Wiederholt mussten neue Stühle herangeschafft werden, als Hannah Lang und Heide Werner sich für die Lesung aus ihren aktuellen Gedichtbänden rüsteten, zu der das St. Ingberter Literaturforum (ILF) in die Stadtbücherei eingeladen hatte. ILF-Sprecher Jürgen Bost eröffnete die Veranstaltung, die er unter das Motto „Mut zur Lyrik –Ein Abend für die Poesie“ gestellt hatte, mit einem kurzen Überblick über Entwicklung und Ausdrucksmöglichkeiten der zeitgenössischen Lyrik und stellte die beiden Sprachkünstlerinnen vor, die ihre Weltbegegnung auf sehr unterschiedliche Art gestalten und in ihren Texten sehr facettenreich und anregend über den Sinn des Lebens und die gegenwärtige Zeit reflektieren Hannah Lang, in Wallerfangen geboren, lebt heute in Seelbach. Neben einer langjährigen Tätigkeit im saarländischen Schuldienst und einem Zweitstudium der Sonderpädagogik wurde sie vor allem durch einen mehrjährigen Entwicklungshilfeaufenthalt in Peru geprägt. Sie engagierte sich schon früh in der Friedens- und Menschenrechtsbewegung. Nach „Wortwege“ erschien 2016 als Summe ihres poetischen Schaffens der Gedichtband „Wunder Wege Leben“, in dem sie ihr Ausdrucksvermögen auf das Äußerste geschärft hat und auch vor klaren Aussagen und Botschaften nicht zurückschreckt. Zum Teil in spanischer Sprache rezitierend, schlug sie in der Lesung einen weiten thematischen Bogen von Naturbeobachtung und Reiseschilderungen bis hin zu Zivilisationskritik und philosophischer Durchdringung unseres Menschseins. Dabei bediente sie sich einer Vielfalt literarischer Formen vom fernöstlich inspirierten Haiku bis hin zu Psalm und Gebet.
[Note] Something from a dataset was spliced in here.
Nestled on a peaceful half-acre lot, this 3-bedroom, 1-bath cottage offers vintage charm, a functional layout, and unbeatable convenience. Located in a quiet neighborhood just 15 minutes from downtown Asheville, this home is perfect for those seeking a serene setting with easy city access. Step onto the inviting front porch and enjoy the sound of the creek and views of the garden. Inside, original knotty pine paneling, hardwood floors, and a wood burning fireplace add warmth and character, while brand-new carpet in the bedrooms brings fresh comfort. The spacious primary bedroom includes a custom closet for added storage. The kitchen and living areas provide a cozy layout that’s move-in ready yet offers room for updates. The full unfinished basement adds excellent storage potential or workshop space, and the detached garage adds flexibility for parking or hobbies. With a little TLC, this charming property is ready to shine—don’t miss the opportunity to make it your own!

Heide Werner, in Saarbrücken geboren, verbrachte sechs Jahre ihrer Kindheit in Beirut. Nach Abitur und Pädagogikstudium war sie zunächst einige Jahre im Schuldienst tätig und arbeitete ab 1980 als Übersetzerin aus dem Französischen. Sie lebt mit ihrer Familie in Kirkel und publizierte ab 1996 zunächst eine Reihe von Romanen. Auf ihre Mitarbeit in der Zweibrücker Autorengruppe, die sie mit begründete, geht ihr Interesse an Kurzformen zurück. Ihre Spezialität im Bereich der Lyrik sind Tautogramme, formal streng disziplinierte sprachliche Gestaltungen, die im Deutschen extrem schwer zu bewältigen sind und bei denen alle Wörter mit demselben Anfangsbuchstaben beginnen. Sie präsentierte ihr 2016 im St.Ingberter Wassermann Verlag erschienenes Bändchen „Menschen mit Macken“, worin sie ebenso unterhaltsam wie nachdenklich stimmend über Alltagssituationen und Welterleben sinniert.
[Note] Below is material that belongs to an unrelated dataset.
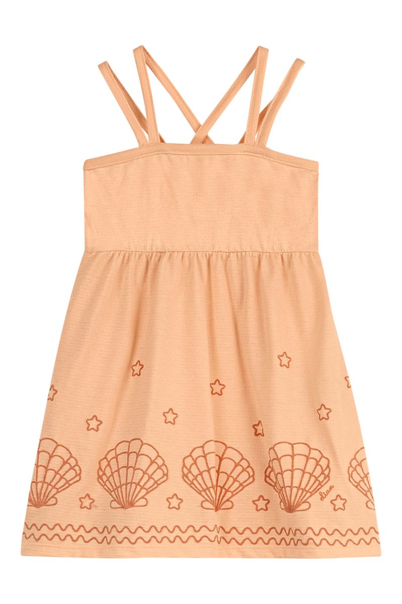 • Feito em malha trabalhada • Possui alças duplas com transpasse nas costas • Estampa de conchinhas com efeito puff • Modelagem soltinha • Ideal para ocasiões mais arrumadas

Das Auditorium zeigte sich von beiden Annäherungen an die Kunst der Poesie sehr angetan und hatte noch zahlreiche Fragen an die Künstlerinnen parat. An diesem Abend fand sich der Satz, dass Lyrik auf den Menschen wirkt und die Poesie einen Hauch von Glück zu bringen vermag, auf das glänzendste bestätigt.
Zum Abschluss der Lesung dankte ILF-Sprecher Jürgen Bost den Autorinnen für ihre eindrucksvollen Beiträge und kündigte als nächste Veranstaltung des St. Ingberter Literaturforums für Mittwoch, den 10. Mai 2017, eine Lesung von Frank P. Meyer an, der in seinem Roman „Hammelzauber“, im St. Ingberter Conte-Verlag erschienen, das Saarland in nicht allzu ferner Zukunft viele Jahre nach einer Kernschmelze in einem französischen Atomkraftwerk vorstellt und dabei Science Fiction, Krimi und Dorf-Groteske zu einer aberwitzigen Geschichte verbindet.